I lot of self-help type advice advocates a positive attitude, just thinking you can do something. But how do you really know you can do something? Maybe you can't and the advice to have a positive attitude, an empty optimism, will be next to useless.
So how do you know you can do scholarly writing?
In the first place, you might not have a realistic notion of how hard or easy it really is. If you think of it as easy, you might get into trouble by being overconfident. On the other hand, if you think of it as impossibly difficult, you'll never get anywhere.
It's something that a lot of people do, and it's not very difficult at the lowest levels. Publishing a graduate student seminar paper in a second line journal, for example, is not infrequent. On the other hand, rising to be one of the top scholars in your subfield is fairly difficult.

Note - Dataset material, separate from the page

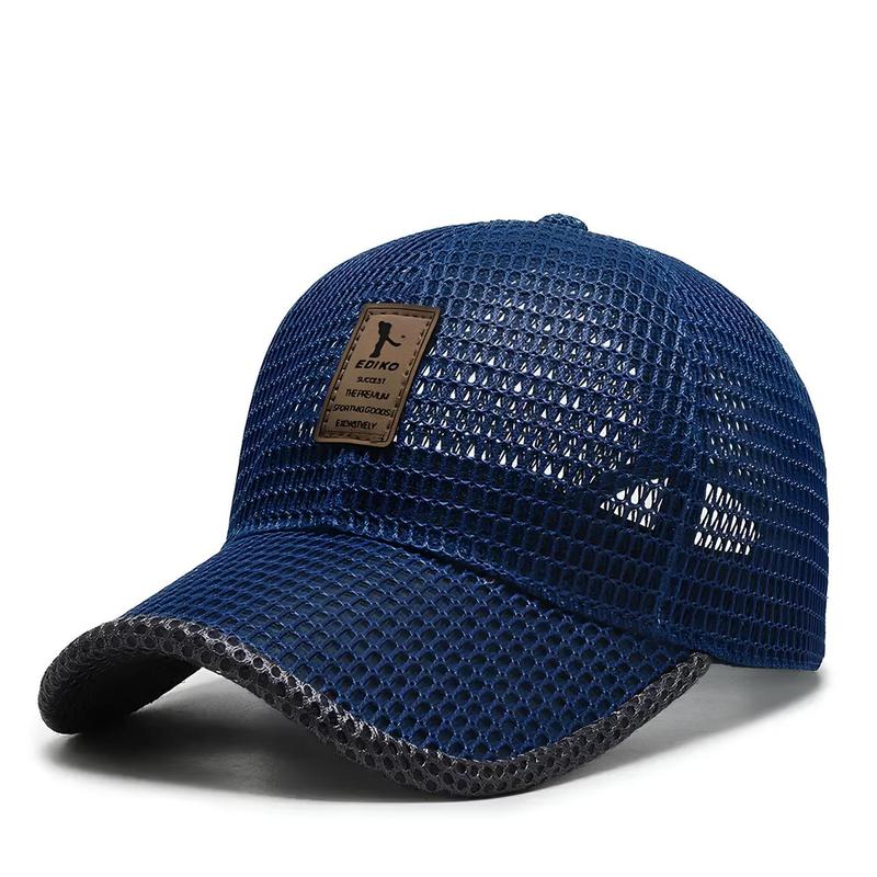 Бейсболка синяя в сетку. сетчатая бейсболка синего цвета. синяя кепка с хорошей вентиляцие...

So it's a matter of breaking things down, reverse-engineering top articles in top journals to see how it's done; evaluating the state of a field to see who the best people are and how they got that way. In my case I could see that there were a lot of crappy to mediocre famous scholars in my field, so it was simply a question of putting in the work to do it better. I would automatically be at least among the top few simply by reading more and better and writing it up.
We've all known academics who aren't very smart. We've all met academics who are so intellgent that it hurts to even think about them. The thing is, you don't have to be in the latter category to achieve what you need to.